Content starts

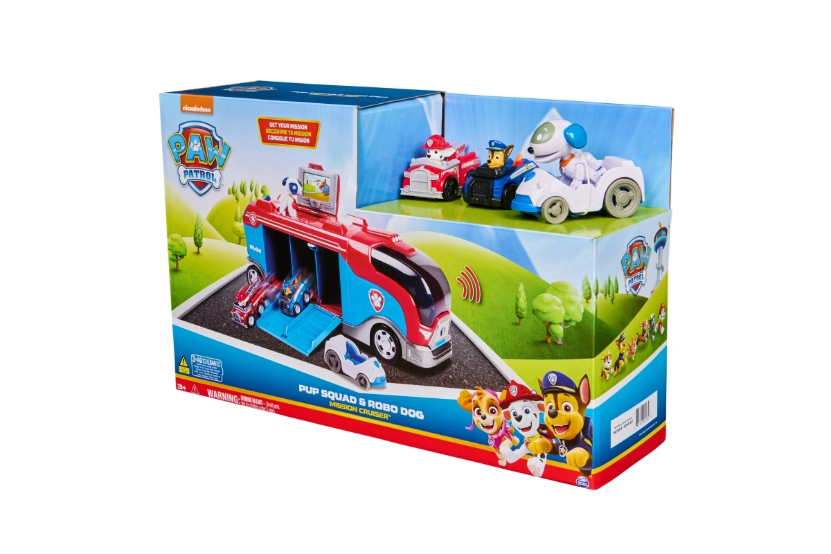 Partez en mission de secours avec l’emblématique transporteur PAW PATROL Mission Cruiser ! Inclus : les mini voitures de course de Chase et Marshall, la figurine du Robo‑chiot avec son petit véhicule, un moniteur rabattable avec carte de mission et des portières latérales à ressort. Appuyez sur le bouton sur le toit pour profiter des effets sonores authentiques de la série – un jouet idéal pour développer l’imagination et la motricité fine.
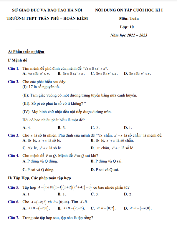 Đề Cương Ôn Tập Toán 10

Content ends
Content starts

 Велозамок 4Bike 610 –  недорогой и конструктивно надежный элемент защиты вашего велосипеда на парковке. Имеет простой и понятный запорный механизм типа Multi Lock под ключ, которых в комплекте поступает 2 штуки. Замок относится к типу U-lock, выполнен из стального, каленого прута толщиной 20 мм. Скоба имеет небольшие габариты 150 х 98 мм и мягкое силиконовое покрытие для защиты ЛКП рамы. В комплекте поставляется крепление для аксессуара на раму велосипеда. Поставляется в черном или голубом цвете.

Content ends
Content starts

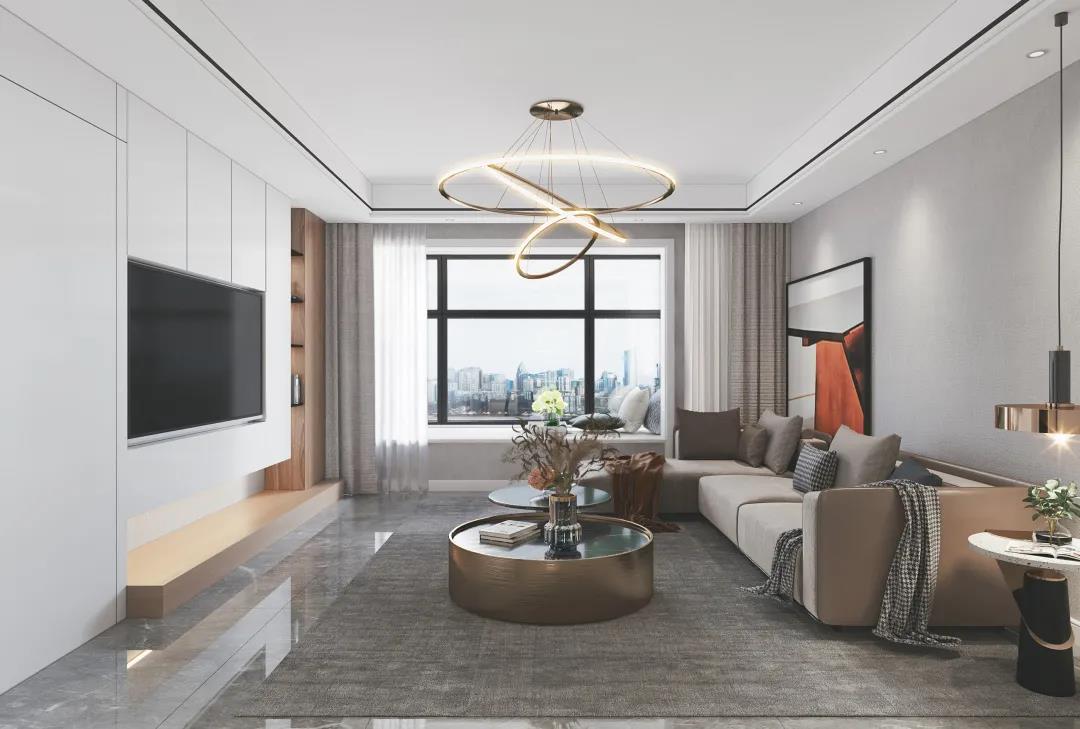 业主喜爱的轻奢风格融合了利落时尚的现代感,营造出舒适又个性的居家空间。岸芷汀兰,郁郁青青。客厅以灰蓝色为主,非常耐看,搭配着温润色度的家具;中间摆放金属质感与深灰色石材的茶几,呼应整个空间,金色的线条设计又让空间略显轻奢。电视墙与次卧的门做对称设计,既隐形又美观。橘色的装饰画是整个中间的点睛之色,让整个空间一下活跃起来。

Content ends

◆ **WHAT IS NEEDED**:
In the records above, find the line with "Partez en mission" and the line with "Đề Cương Ôn Tập Toán 10"; please transcribe exactly those two lines and all lines between them, omitting any picture.

◆ **EXPECTED ANSWER**:
 Partez en mission de secours avec l’emblématique transporteur PAW PATROL Mission Cruiser ! Inclus : les mini voitures de course de Chase et Marshall, la figurine du Robo‑chiot avec son petit véhicule, un moniteur rabattable avec carte de mission et des portières latérales à ressort. Appuyez sur le bouton sur le toit pour profiter des effets sonores authentiques de la série – un jouet idéal pour développer l’imagination et la motricité fine.
 Đề Cương Ôn Tập Toán 10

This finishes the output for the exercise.